_Stored items from a collection:_
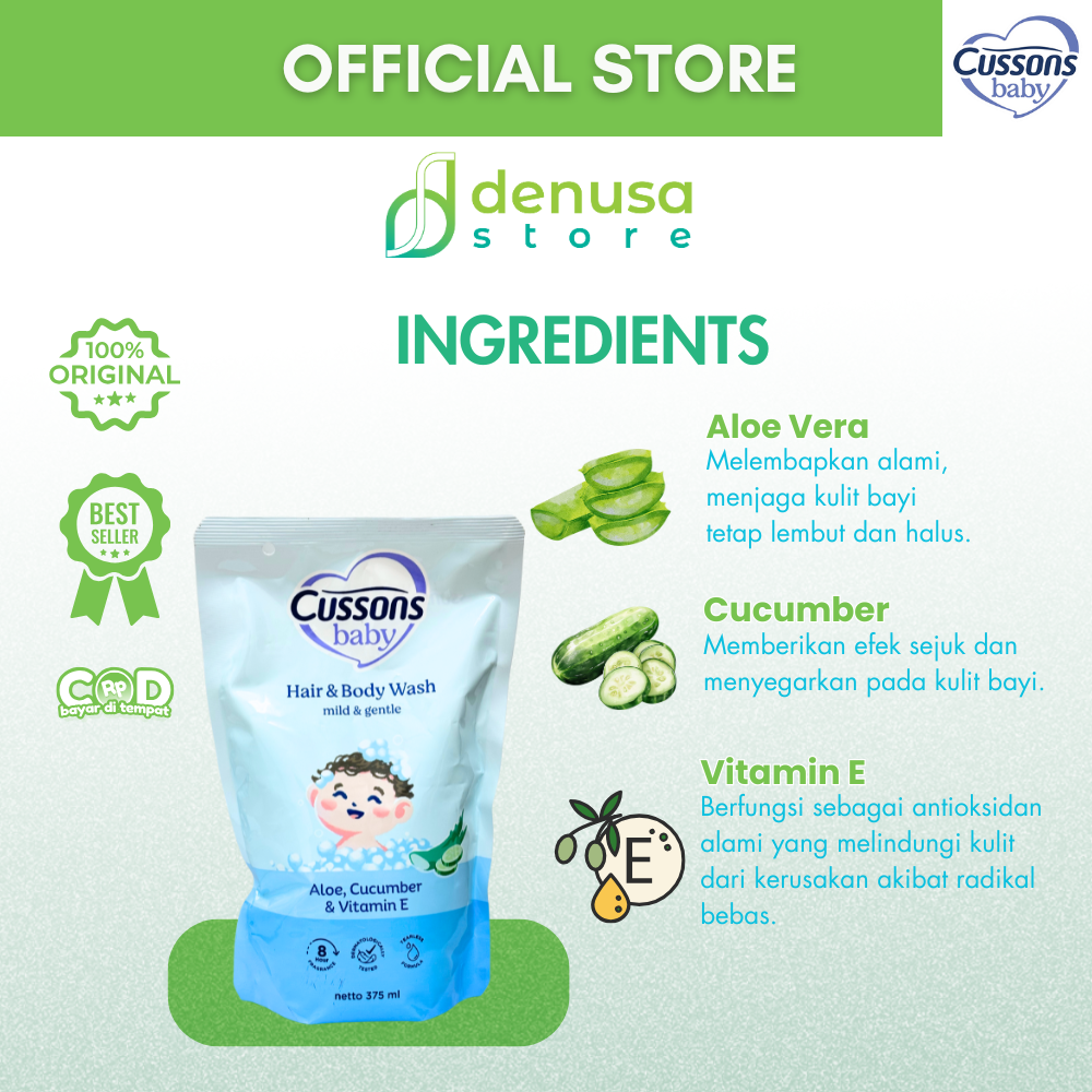 CUSSONS BABY Hair n Body Wash Mild n Gentle Refill Pouch 375 ml adalah sabun sekaligus sampo bayi dengan formula lembut. Membersihkan rambut dan tubuh bayi tanpa membuat kulit kering. Diperkaya dengan Milk dan Chamomile Extract. Membantu menutrisi, melembapkan. Serta menjaga kelembutan alami kulit bayi sejak pertama kali mandi.
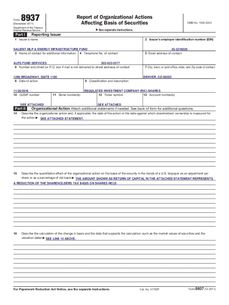8937Report of Organizational Actions Affecting Basis of SecuritiesForm (December 2011) Department of the Treasury Internal Revenue Serviceman Ia See OMB No. 15452224separate instructions. Reporting
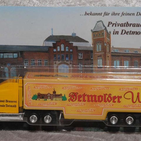 Lastbilen er brugt men fremstår som ny. Har kun være ude af øsken til fotografering. Skala er ukendt, men lastbilen er 110 mm lang, 45 mm høj og 30 mm bred. Vogntoget er 2100 mm lang. Leveres i original æske.
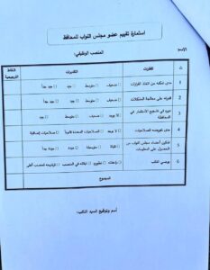 وكذلك تضمنت استمارة التقييم (6 فقرات تتعلق الأولى بمدى تمكن المحافظ من اتخاذ القرارات، والثانية بقدرته على معالجة المشكلات، والثالثة دوره في تشجيع الاستثمار في المحافظة، والرابعة مدى تفويضه للصلاحيات، والخامسة تمكين أعضاء مجلس النواب من الحصول على المعلومات، وأخيرا توصيات النائب، فيما تضمنت تقديرات النواب للمحافظين مؤشرات “ضعيف، ومتوسط، وجيد، وجيد جدا، في حين التوصية تضمنت اعفاء المحافظ أو تطويره أو ابقائه في المنصب أو ترشيحه لمنصب أعلى، وذيلت الاستمارة بطلب اسم وتوقيع النائب”.
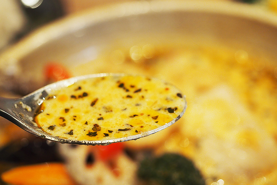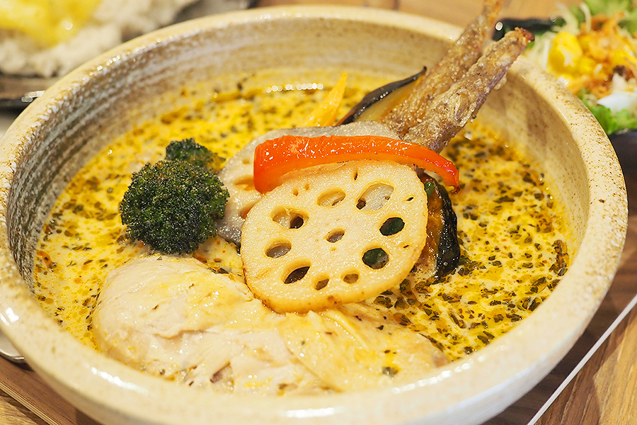 北海道・札幌仕込みのスープカレーを石川の食材で仕上げた「金沢スープカレー」。ただのスープカレーではなく、しっかり「篤乃屋の一皿」になっています。
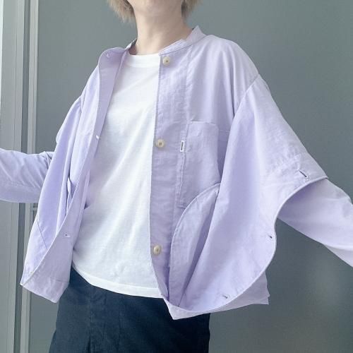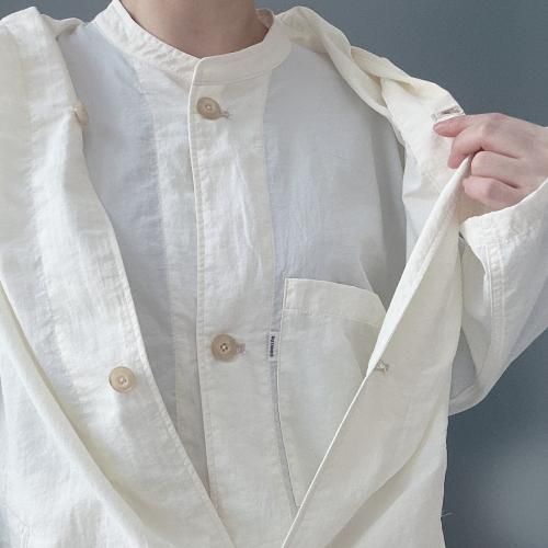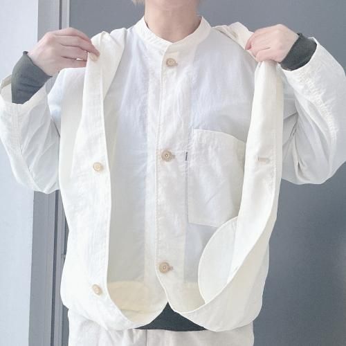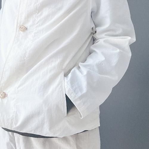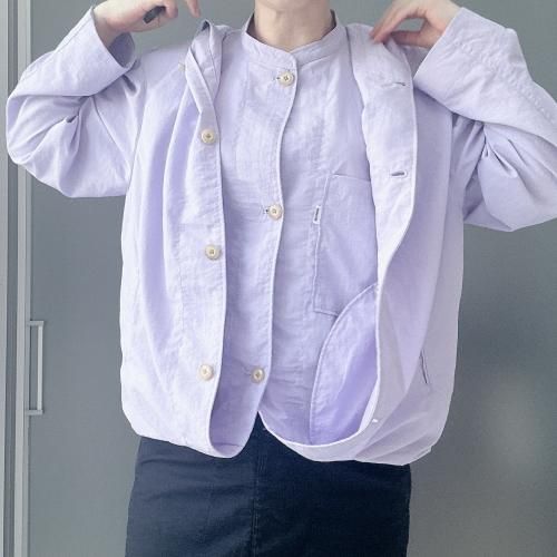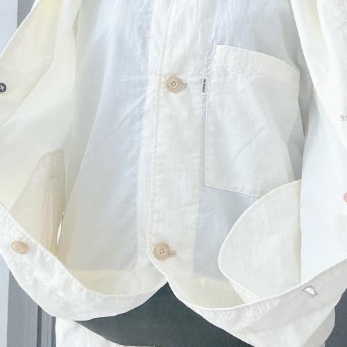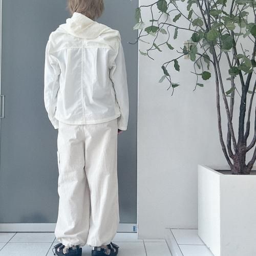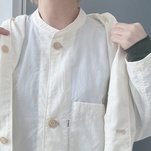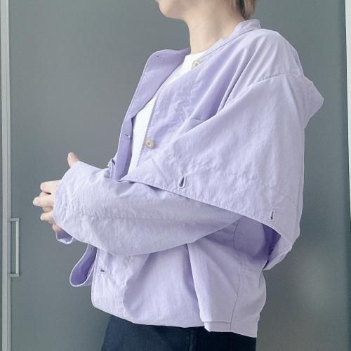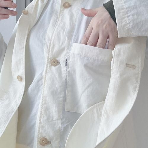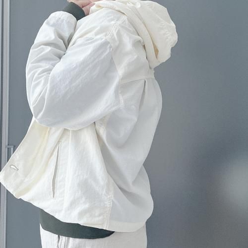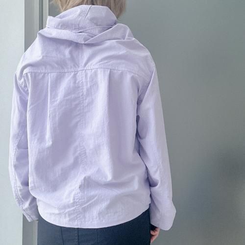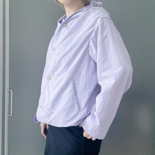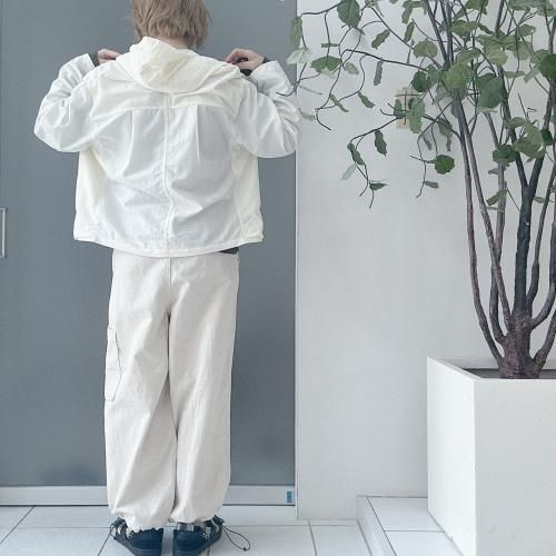 裾で繋げた前身のパーツがそのままフードまで繋がったレイヤードディテールがおもしろい春のアウター。
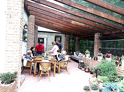 În fața casei lor, fratele Nicușor și hărnicuța cumnată Mia
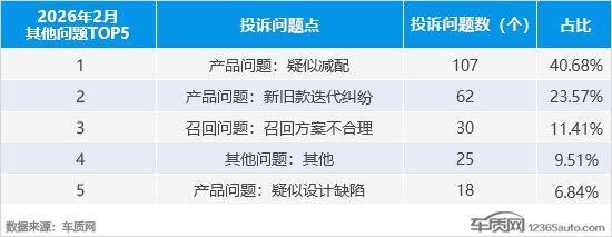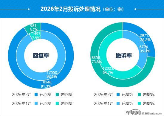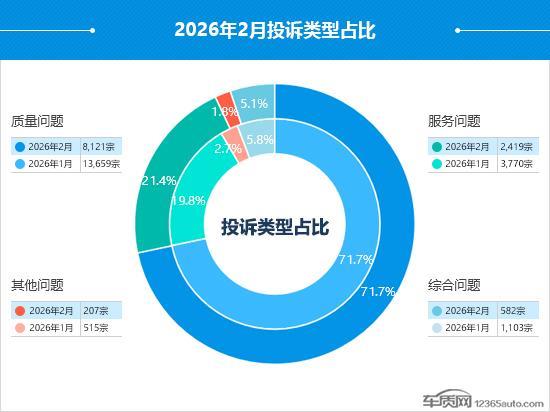 据国内领先的缺陷汽车产品信息收集和汽车消费者投诉信息受理平台车质网统计,2026年2月共受理车主有效投诉信息11,369宗(其中含第三方平台和后装轮胎投诉共40宗),环比下降约40.5%,同比下降71.6%。
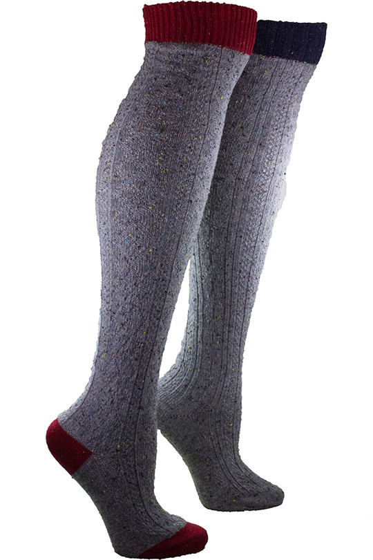 Minx NY VHT10620.GRY-L Wool Speckled Knee High With Contrast Welt - Black With Grey
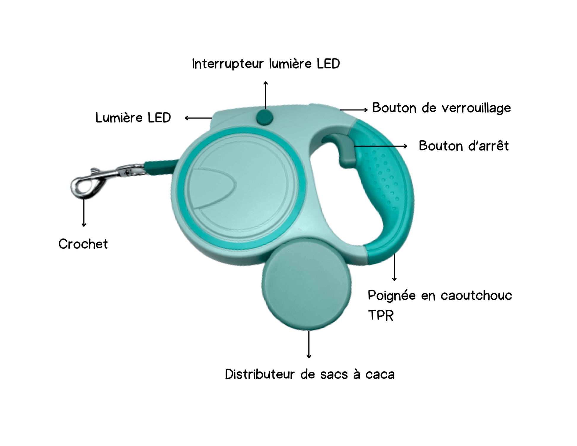 Laisse rétractable 3 en 1

_What the task asks:_
Write all the entries again word for word, minus the pictures.

_Result:_
 CUSSONS BABY Hair n Body Wash Mild n Gentle Refill Pouch 375 ml adalah sabun sekaligus sampo bayi dengan formula lembut. Membersihkan rambut dan tubuh bayi tanpa membuat kulit kering. Diperkaya dengan Milk dan Chamomile Extract. Membantu menutrisi, melembapkan. Serta menjaga kelembutan alami kulit bayi sejak pertama kali mandi.
8937Report of Organizational Actions Affecting Basis of SecuritiesForm (December 2011) Department of the Treasury Internal Revenue Serviceman Ia See OMB No. 15452224separate instructions. Reporting
 Lastbilen er brugt men fremstår som ny. Har kun være ude af øsken til fotografering. Skala er ukendt, men lastbilen er 110 mm lang, 45 mm høj og 30 mm bred. Vogntoget er 2100 mm lang. Leveres i original æske.
 وكذلك تضمنت استمارة التقييم (6 فقرات تتعلق الأولى بمدى تمكن المحافظ من اتخاذ القرارات، والثانية بقدرته على معالجة المشكلات، والثالثة دوره في تشجيع الاستثمار في المحافظة، والرابعة مدى تفويضه للصلاحيات، والخامسة تمكين أعضاء مجلس النواب من الحصول على المعلومات، وأخيرا توصيات النائب، فيما تضمنت تقديرات النواب للمحافظين مؤشرات “ضعيف، ومتوسط، وجيد، وجيد جدا، في حين التوصية تضمنت اعفاء المحافظ أو تطويره أو ابقائه في المنصب أو ترشيحه لمنصب أعلى، وذيلت الاستمارة بطلب اسم وتوقيع النائب”.
 北海道・札幌仕込みのスープカレーを石川の食材で仕上げた「金沢スープカレー」。ただのスープカレーではなく、しっかり「篤乃屋の一皿」になっています。
 裾で繋げた前身のパーツがそのままフードまで繋がったレイヤードディテールがおもしろい春のアウター。
 În fața casei lor, fratele Nicușor și hărnicuța cumnată Mia
 据国内领先的缺陷汽车产品信息收集和汽车消费者投诉信息受理平台车质网统计,2026年2月共受理车主有效投诉信息11,369宗(其中含第三方平台和后装轮胎投诉共40宗),环比下降约40.5%,同比下降71.6%。
 Minx NY VHT10620.GRY-L Wool Speckled Knee High With Contrast Welt - Black With Grey
 Laisse rétractable 3 en 1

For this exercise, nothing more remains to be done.